Dalai Lama event: Spirituality in D.C.

The Dalai Lama speaks during a panel discussion at the Cathedral Church of Saint John the Divine in New York, May 23, 2010 .UPI/Jason DeCrow/Pool
The Dalai Lama speaks during a panel discussion at the Cathedral Church of Saint John the Divine in New York, May 23, 2010 .UPI/Jason DeCrow/Pool | License Photo

WASHINGTON, July 5 (UPI) -- The 100,000 people joining the Dalai Lama in Washington for a mystical initiation can instill spiritual values on a city often called soulless, organizers said.

Those values -- stemming from an awareness of life's cycles and the connection of all things so differences don't have to create divisions and contrasts don't have to produce conflicts -- can spread far beyond the White House and Capitol Hill because decisions made in Washington often affect the world, they said.


"The most significant thing about this is the time and place, 10 years after (the Sept. 11, 2001, terrorist attacks), and in a place where big decisions are being made about the planet," Clark Strand, former editor of Buddhist magazine Tricycle, told The Washington Post as the Dalai Lama was to arrive in Washington for a 10-day Tibetan Buddhist teaching called a Kalachakra.

Kalachakra means "time-wheel" or "time-cycles" in Sanskrit.

"If there is a seed of spirituality in this very city, that seed when it grows is bound to have an effect," the event-organizing Capital Area Tibetan Association said in a statement.

Some supporters said the Kalachakra's promising message that difference does not mean division could literally spread through the meditators to lawmakers, administration officials and others dealing with the national debt, wars and conflicts, environmental disasters and terrorism.


U.S. Justice Department prosecutor Mary Aubry, 57, who meditates 1 to 2 hours a day, told the Post she will participate in the Kalachakra, which is dedicated to world peace.

"If there's anything I can do to clean up my own act and spread some goodness, I want to do what I can," she said.

Western traditions have similar messages about how life's natural rhythms affect all things. The biblical Book of Ecclesiastes, for instance, proclaims, "For everything there is a season, and a time for every purpose under heaven."

The Dalai Lama will publicly celebrate his 76th birthday on the Kalachakra's first day, Wednesday. Participants are expected to include Mahatma Gandhi's grandson Arun Gandhi and Martin Luther King Jr.'s son Martin Luther King III.

The initiation event itself, at Washington's Verizon Center, is first to include three days of ritualistic prayers and chanting, meant to symbolically purify the sports and entertainment arena from material or ethereal obstacles, the event's Web site says. The ritual will also include the creation of the sand mandala.

The Dalai Lama will then give three days of basic teachings about Buddhist thought.

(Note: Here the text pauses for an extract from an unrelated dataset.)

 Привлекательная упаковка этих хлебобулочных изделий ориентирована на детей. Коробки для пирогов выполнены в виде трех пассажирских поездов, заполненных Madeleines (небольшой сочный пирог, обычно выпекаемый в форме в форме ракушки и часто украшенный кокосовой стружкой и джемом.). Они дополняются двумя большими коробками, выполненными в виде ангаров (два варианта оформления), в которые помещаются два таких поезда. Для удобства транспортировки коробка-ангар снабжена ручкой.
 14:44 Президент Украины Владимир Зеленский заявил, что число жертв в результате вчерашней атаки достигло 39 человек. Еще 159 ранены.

The first day of these teachings will follow a free public "Talk for World Peace" the Nobel Peace laureate will give on the U.S. Capitol's giant West Lawn Saturday morning.

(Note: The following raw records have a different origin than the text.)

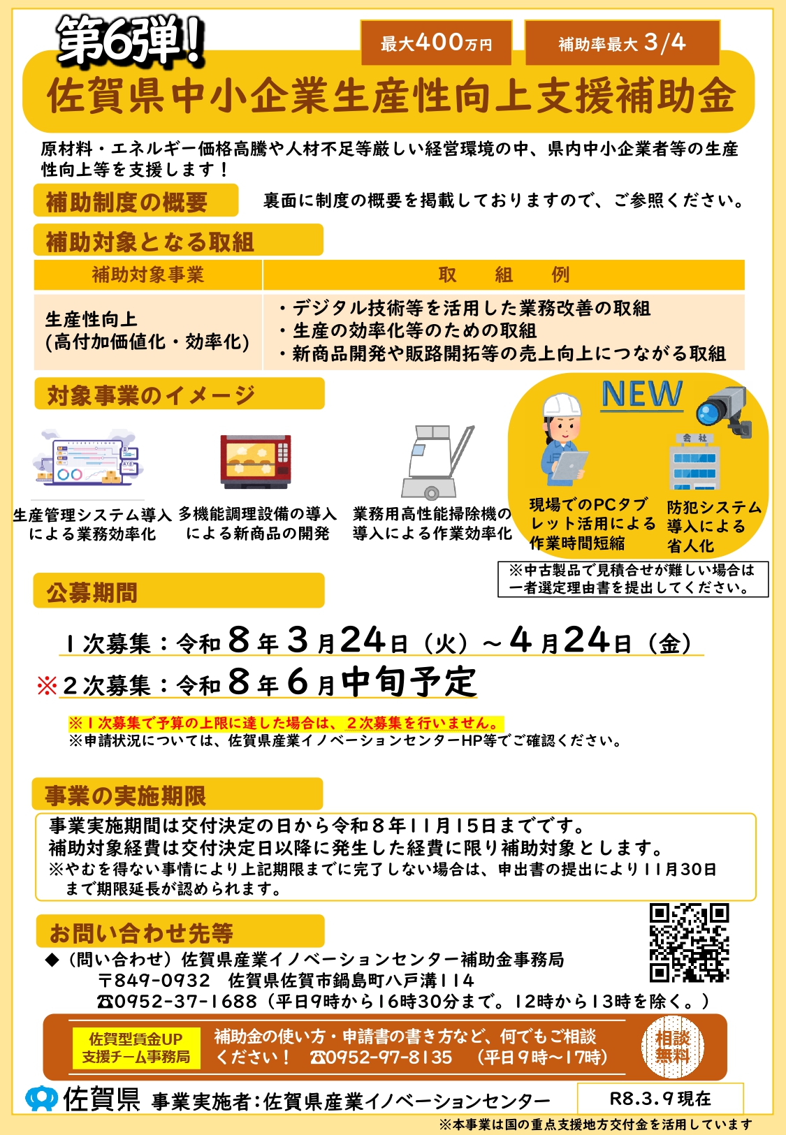 - 「第6弾佐賀県中小企業生産性向上支援補助金」の公募について - 上峰町商工会 - グーペ
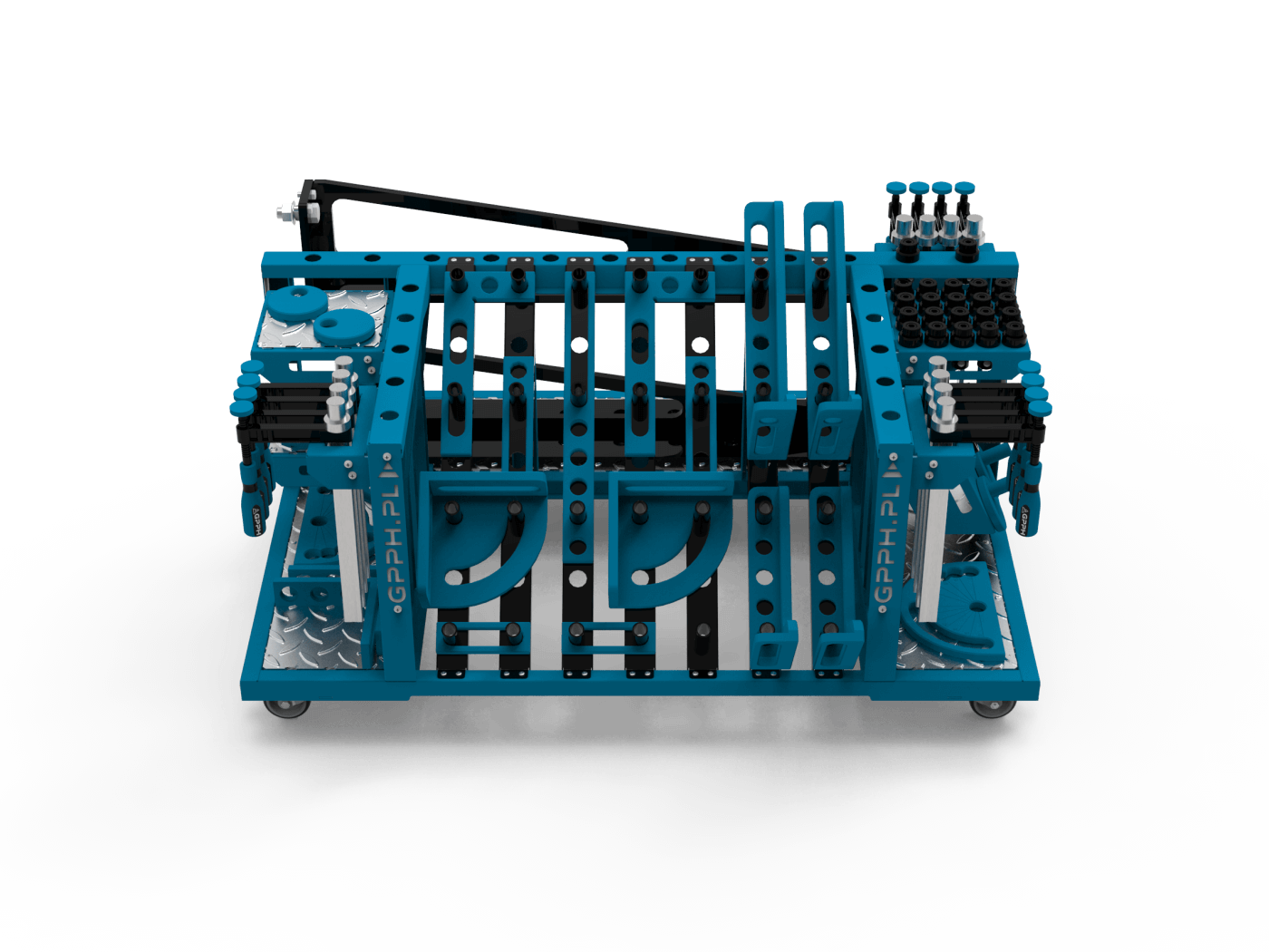 A co powiesz na nasz duży wózek narzędziowy? Możesz w nim pomieścić nawet najbardziej wymagający zestaw narzędzi. Wyposaż go w swoje ulubione akcesoria, takie jak stopery, krążki, winkle, zaciski i wiele innych, i ciesz się doskonałą organizacją swojego stanowiska pracy. Dzięki dużej pojemności i intuicyjnej konstrukcji, Twoje narzędzia GPPH będą uporządkowane i łatwo dostępne, co pozwoli Ci skupić się na realizacji Twoich projektów bez zbędnych przestojów.
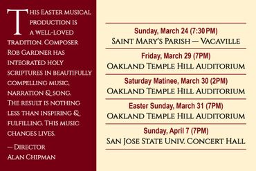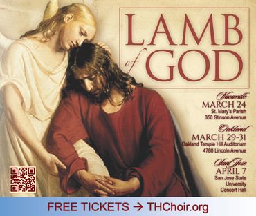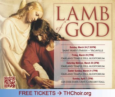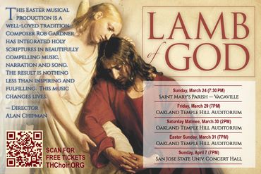 Archbishop Cordileone first suggested holding an Interfaith concert that resulted in Lamb of God. In 2011, then Bishop Cordileone of the Oakland Diocese met with leadership of The Church of Jesus Christ of Latter-day Saints to suggest that the two groups work together on an Interfaith service project. It was decided in that meeting to conduct an East Bay Interfaith Blood Drive. That began a tradition that has resulted in one of the largest faith-based blood drives in the U.S. for the American Red Cross. This drive spans areas throughout northern California in July and now includes numerous faith-based organizations. In that first year when Bishop Cordileone expressed his desire and his vision, an Easter concert was suggested to connect the gift of blood to the community with an event that also honors the gift of life through Jesus Christ. At that time, director Alan Chipman was preparing to present Lamb of God sometime in the foreseeable future, though he hadn't anticipated it for that year. But when he got the call to join the effort, there was no question or hesitation but to switch his plans to a production fast track. It quickly became a wonderful Easter season tradition.
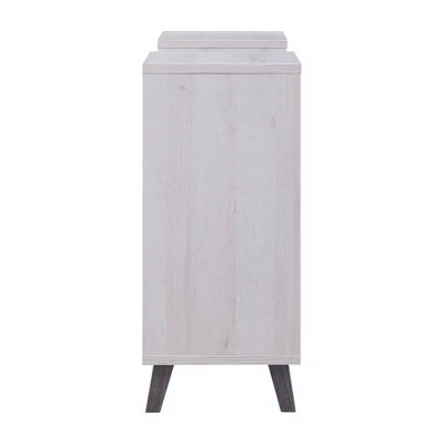 Sleek design with angular legs for sculptural inspired design balanced, this sideboard presents your everyday space with ample storage. Constructed of Particle Board and MDF materials for sturdiness, the sideboard features six shelves for handy storage to stash knick-knacks in your living or dining area. 2-tone finishes offer a sleek and modern aesthetic in your space.

The rest of the event will include Kalachakra ritual dance performed by Namgyal Monastery monks and the Dalai Lama's actual conferment of Kalachakra initiations. The conferment is to include a visualization of a massive palace of light, home to 722 deities, the Web site said.

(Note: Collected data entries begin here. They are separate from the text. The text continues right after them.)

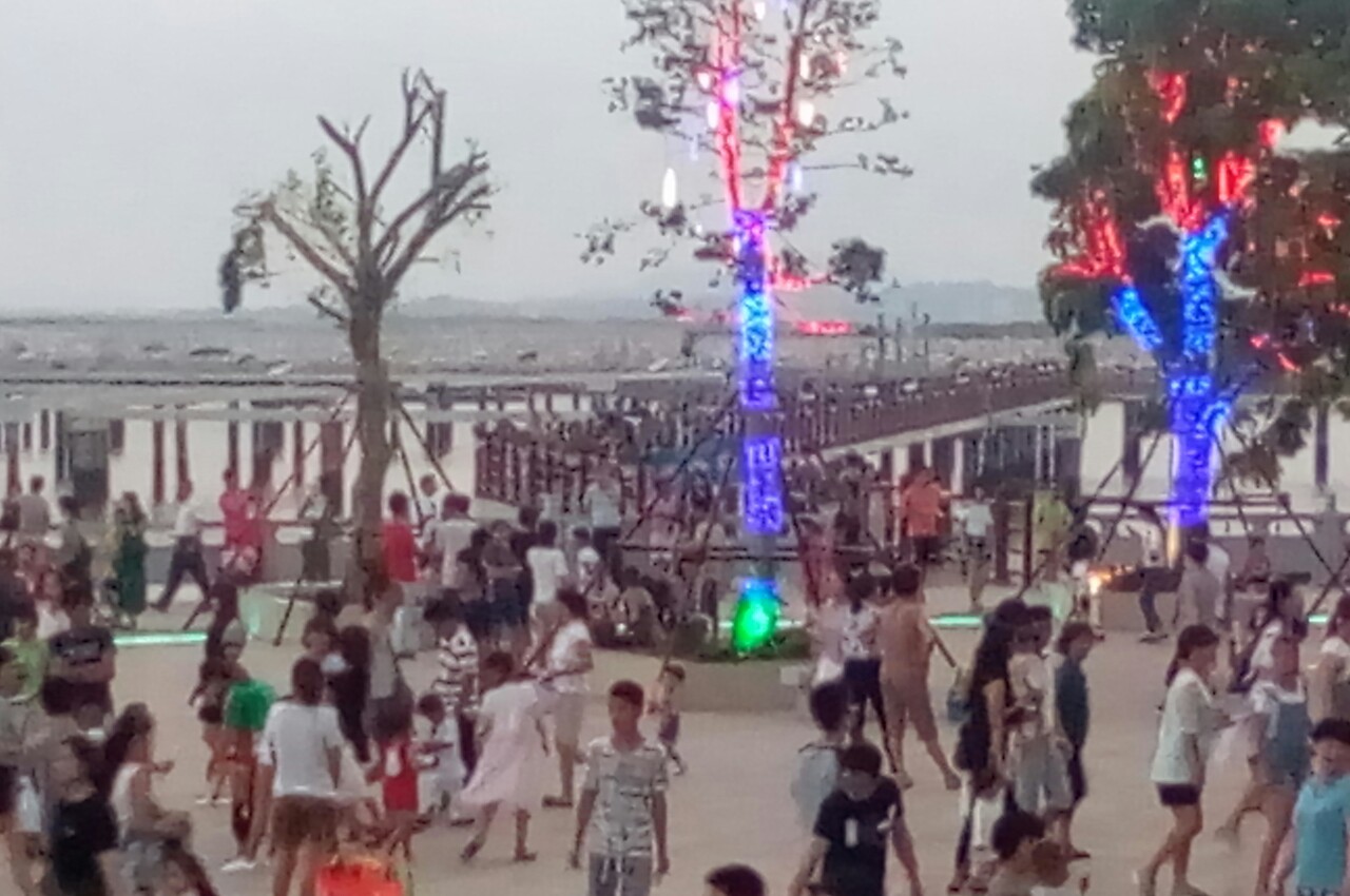 其实平常都有几多人徒步,特傍晚,前段时间不知是何因?清理迁移海湾水闸前面的集中箱与平整铺设下路面与周边,喜欢在此徒步民众可直接走过海湾水闸前面的绿道,而不会走落下面沿海公路~~再往前再步上台阶走绿道~~
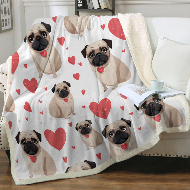 Designed with both Pugs and people in mind, this blanket is far more than just a cozy layer. It's a statement of adoration for one of the most charming and lovable breeds out there. Showcasing a heartwarming design featuring adorable Pugs and red hearts, this fleece blanket embodies the joy and companionship that comes with having a Pug as a furry family member.
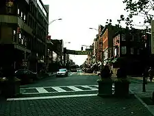 Harsimus (also known as Harsimus Cove) is a neighborhood within Downtown Jersey City, Hudson County, New Jersey, United States. The neighborhood stretches from the Harsimus Stem Embankment (the Sixth Street Embankment) on the north to Christopher Columbus Drive on the south between Coles Street and Grove Street[1] or more broadly, to Marin Boulevard. It borders the neighborhoods of Hamilton Park to the north, Van Vorst Park to the south, the Village to the west, and the Powerhouse Arts District to the east. Newark Avenue has traditionally been its main street.[2] The name is from the Lenape, used by the Hackensack Indians who inhabited the region and could be translated as Crow’s Marsh.[3] From many years, the neighborhood was part of the "Horseshoe", a political delineation created by its position between the converging rail lines and political gerrymandering.[4]
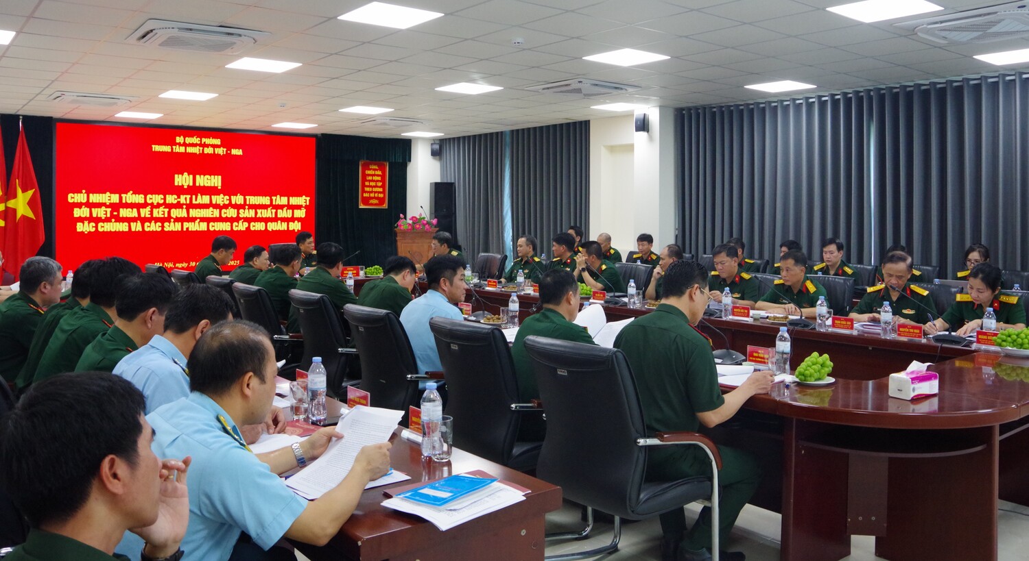 Tại hội nghị, các đại biểu đã nghe TTNĐ Việt - Nga báo cáo kết quả nghiên cứu, sản xuất một số loại dầu mỡ và các sản phẩm cung cấp cho Quân đội; kết quả cung cấp sản phẩm cho Tổng cục HC-KT trong thời gian qua và việc phối hợp với các cơ quan, đơn vị thuộc Tổng cục HC-KT triển khai các nội dung theo chương trình, thoả thuận đã ký kết giữa hai bên. Báo cáo tập trung vào ba nhóm sản phẩm: các sản phẩm đã được đưa vào ứng dụng thực tế; các sản phẩm đã đủ điều kiện để ứng dụng vào thực tế; và các sản phẩm đang có tiềm năng ứng dụng trong thời gian tới.

The Dalai Lama then goes to Chicago to give a public talk on "Bridging the Faith Divide" at the University of Illinois at Chicago July 17, followed by a "Building Bridges" conversation with religious leaders at the Harris Theater for Music and Dance July 18.

Other participants are to include Tikkun magazine editor Rabbi Michael Lerner, Hartford (Conn.) Seminary Christian-Muslim relations Professor Ingrid Mattson and the Rev. Peg Chemberlin, president of the National Council of Churches.